Monday, October 29, 2012

Rove: Battleground State Polls Will Move Toward Romney

By Stephen Feller 
Mitt Romney’s lead in national polls — which he’s enjoyed since the first presidential debate — soon should be seen in individual battleground-state polls, strong evidence that Romney will win the Nov. 6 election,  Republican strategist Karl Rove said on “Fox News Sunday.”

And because the state polls reflect the national mood, Romney may begin to see states such as Minnesota, Michigan, and Pennsylvania come into play for his electoral vote count, Rove said.

“If the margin is as big nationally as it appears in these national polls, then you will have the state polls follow,” he said. “Now we may have something else at play here, though, which is, we're endowing all of these polls with the precision they don't have... These states have been states that have moved from Obama to lean Obama. If there is a national trend, as it appears to be since the first debate, moving in Romney's direction there might be [changing].”

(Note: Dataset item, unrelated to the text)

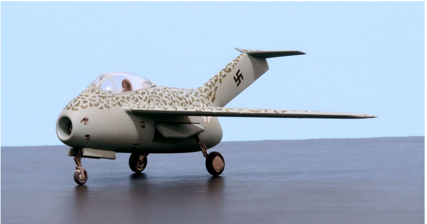
Frank Moore's 1:72 scale Focke-Wulf Ta 183 Hucklebein, built OOB and painted with Tamiya acrylics. Decals are from the kit. The Hucklebein (the name refers to a troublesome raven, Hans Hucklebein der Unglücksrabe , from an illustrated story in 1867 by Wilhelm Busch) was a design for a jet-powered fighter aircraft intended as the successor to the Messerschmitt Me 262. It was developed only to the extent of wind tunnel models when the war ended, but the basic design was further developed postwar in Argentina as the FMA IAe 33 Pulqui II.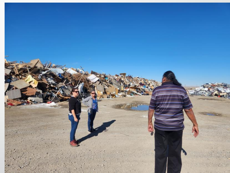
Blackfeet Nation transfer station October 2022

As an example, Rove said he thought that Ohio polls could be off because of wide leads among both Republicans and independents in that state. With leads in those groups, he said it was hard to believe that Romney won’t win the state.

Rove told show host Chris Wallace that Democrats have had 109,000 fewer requests for absentee ballots than in 2008. Republicans, on the other hand, have already requested 4,000 more and the deadline to request them is not until Monday, Nov. 3.

Among absentee ballot requests by voters, he said that 72 percent of Republican requests have come from people who voted in zero, one or two of the last three elections, compared with only 57 percent of the same group for Democrats.

“At this point polls are less important than looking at the early voting numbers, the actual people who are voting,” Rove said. “There is a shift there of maybe 120,000, 130,000 absentee ballots towards Republicans in the state won by the Democrats.”

He credits this movement, in polls and absentee voting, to an outreach effort that “busted the metrics” for the effort to reelect President George W. Bush in 2004. Thus far, the campaign has made six million contacts and knocked on two million doors in Ohio alone - and they expect to see good results in other states as well, he said.

The Romney campaign purchased TV time in Minnesota so it could reach voters in the far western counties of Wisconsin, according to Rove. He said, however, that Michigan and Pennsylvania could move away from President Barack Obama.

“Right now we're at a point in the campaign where there is little movement,” he said. “Sort of the momentum was on Romney's side. The closer you get to the end, one of two scenarios happens: It is 1980 and there is rapid movement in one candidate's direction, or we're seeing what I think we are seeing now which is movement toward Romney but slowing simply because we're getting down to very thin groups of people left undecided.”